Ignoring one-offs such as profits on the sale of surplus land and its Dry Creek salt field in South Australia, animal feed and nutrition supplier Ridley Corporation reported a flat 2016 result (see Table 1).
More than half the company's total sales still come from its Barastoc poultry feeds (tagline: ‘Hens aren’t just pecky, they’re picky too’).

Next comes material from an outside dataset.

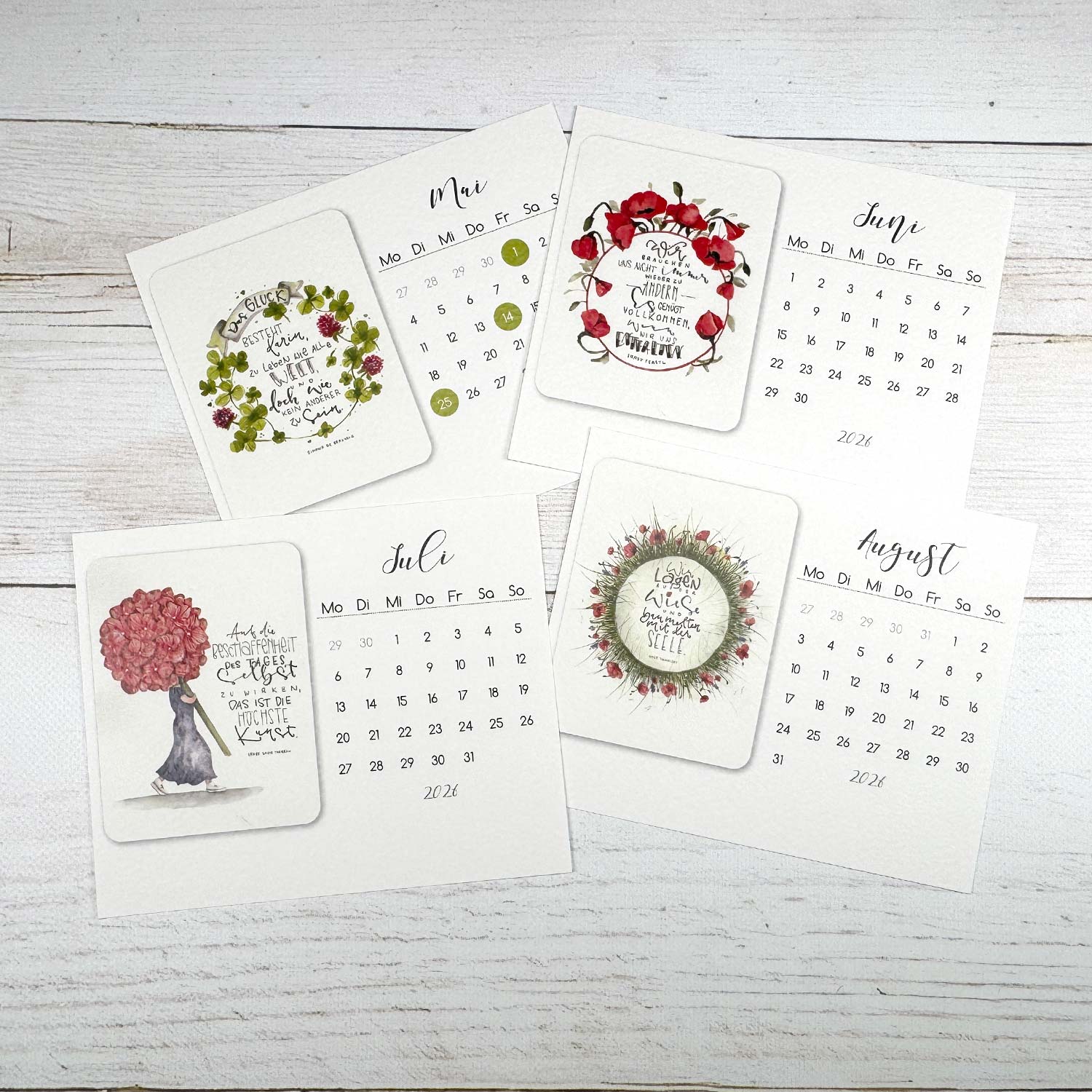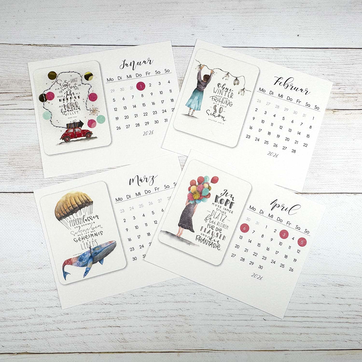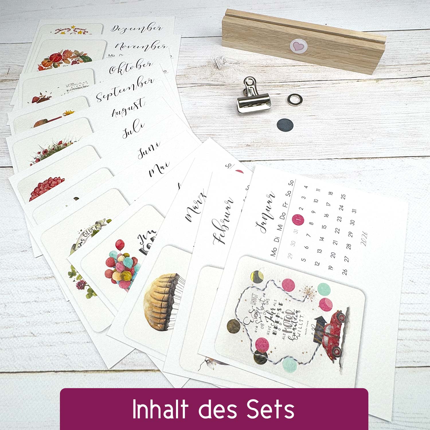 - 12 Blatt Monatskalender im Format 16 x 13 cm (1 Blatt pro Monat von Januar bis Dezember, einseitig bedruckt)
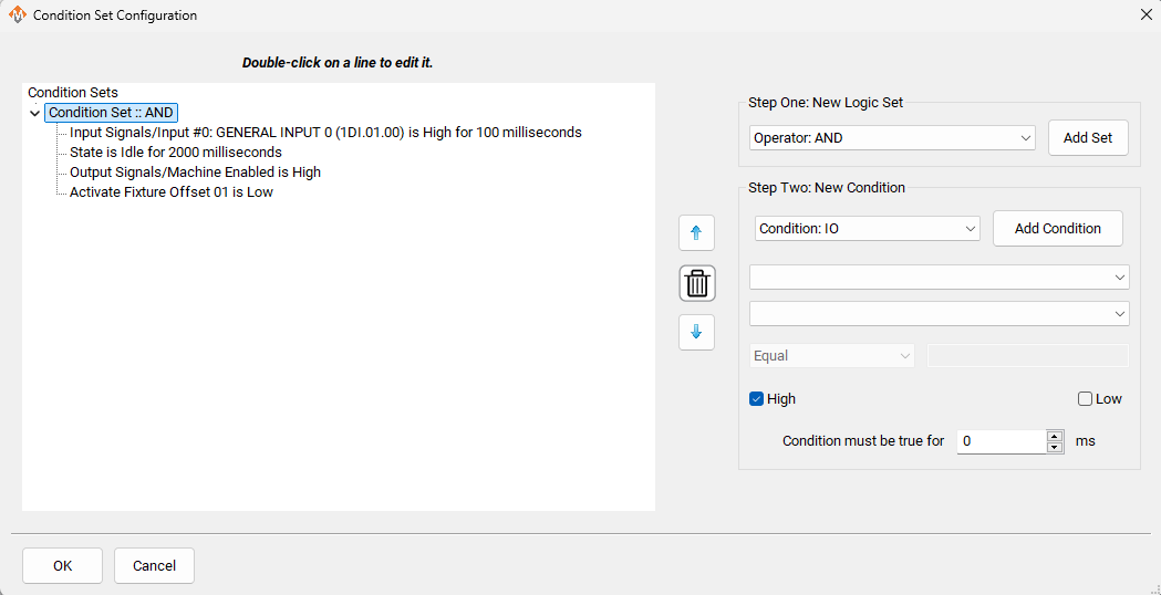 How It Works: Install a simple switch with positions for each fixture configuration. When you select a specific fixture, MachPro automatically applies the G54 work offset. No manual offset selection, no mistakes. Although there are more conditions to define, it is still a no code setup process as shown below.

The company is benefitting from increasing demand for white meat, helped by Australia’s growing population.
|Year to June||2016||2015|| /(–)
|U'lying EBITDA ($m)||53.5||51.0||5|
|U'lying EBIT ($m)||42.1||38.8||9|
|U'lying NPAT ($m)||24.1||24.1||-|
|U'lying EPS (c)||7.8||7.8||-|
|* 2.5c final div (up 25%), fully franked, ex date 25 Oct|
Elsewhere, its dairy feeds performed well in 2016. However, sales slowed towards the end of the year as reductions in milk prices paid by milk processors such as Murray Goulburn (as shareholders in MG Unit Trust could painfully attest) and expectations of lower prices created uncertainty over the winter calving season.
The company’s strategy of selling surplus property (such as the recently disposed Dry Creek and Dandenong properties) and investing the proceeds into the higher yielding animal nutrition segments makes sense.
However, we note that Ridley has increased earnings before interest and tax (EBIT) from its Agriproducts segment by 93%, from $28m to $54m, over the past three years.
This is an impressive achievement for what is a cyclical, highly competitive and low margin industry. The stock is priced on a multiple of 16 times 2016 earnings per share and we see little margin of safety at current prices. CEASE COVERAGE.